The company’s director John Somers attributed rising customer demands to Venture’s planned factory in Nghe An.

Venture is not the only company with big expansion plans. In Dong Nam Industrial Park in Ho Chi Minh City, two FDI projects with a combined investment of nearly $200 million are in the works.

The first project is from Worldon Vietnam Limited and is a $140 million garment plant with a planned output of 80 million items a year.

The plant’s first phase is slated for completion in June 2015.

The other project, invested by Sheico Vietnam Limited, will soon begin. It is a $50 million weaving and garment export project. Its first phase is expected to be completed by November this year.

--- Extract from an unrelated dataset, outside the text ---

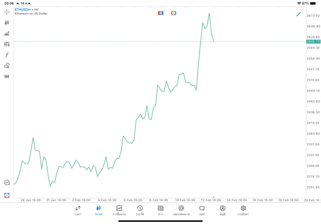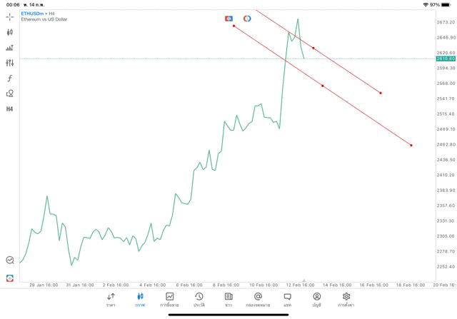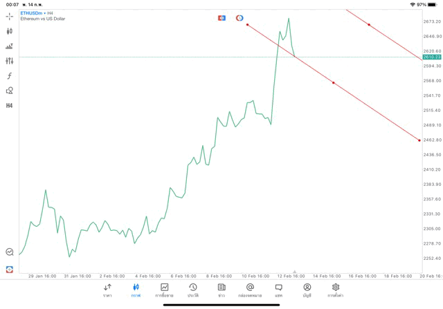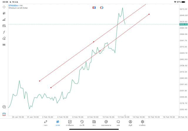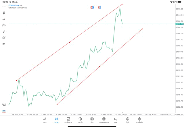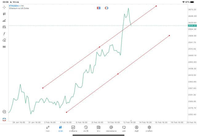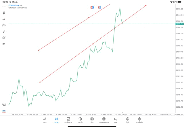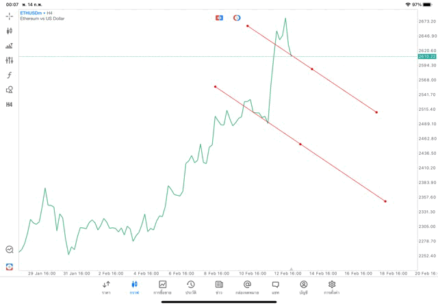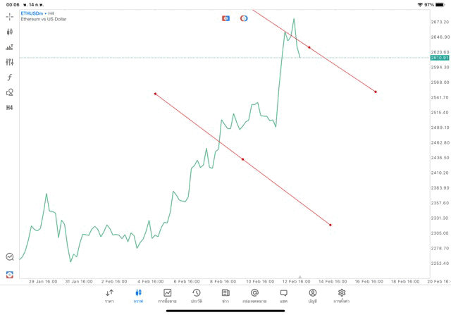 การวาด Trendline H4 Crypto ETHUSD application Meta trader 5 หรือ mt5 โบรกเกอร์ forex exness

Other potential projects have been reported by Nam Dinh, QuangBinh and Dong Nai provinces.

According to the Vietnam Textile and Apparel Association (Vitas), now is an opportune time to push up garment and textile export as both the domestic and global markets are rebounding.

This was evidenced by numerous garment and textile firms having already scored orders for the third and fourth quarters.

Vitas, however, admitted that foreign invested garment and textile firms, though few in number, contribute up to 60 per cent of the sector’s total export value and their continuous expansion shows the widening gap between their development level and that of domestic enterprises.

Nguyen Van Thoi, chairman of TNG Investment and Trading JS, forecasted Vietnam’s textile and garment industry could achieve a growth rate of 30 per cent in 2014.

“The sector’s export value could jump to $26 billion this year, up $4 billion against last year. Many enterprises already have full orders for 2014,” Thoi added.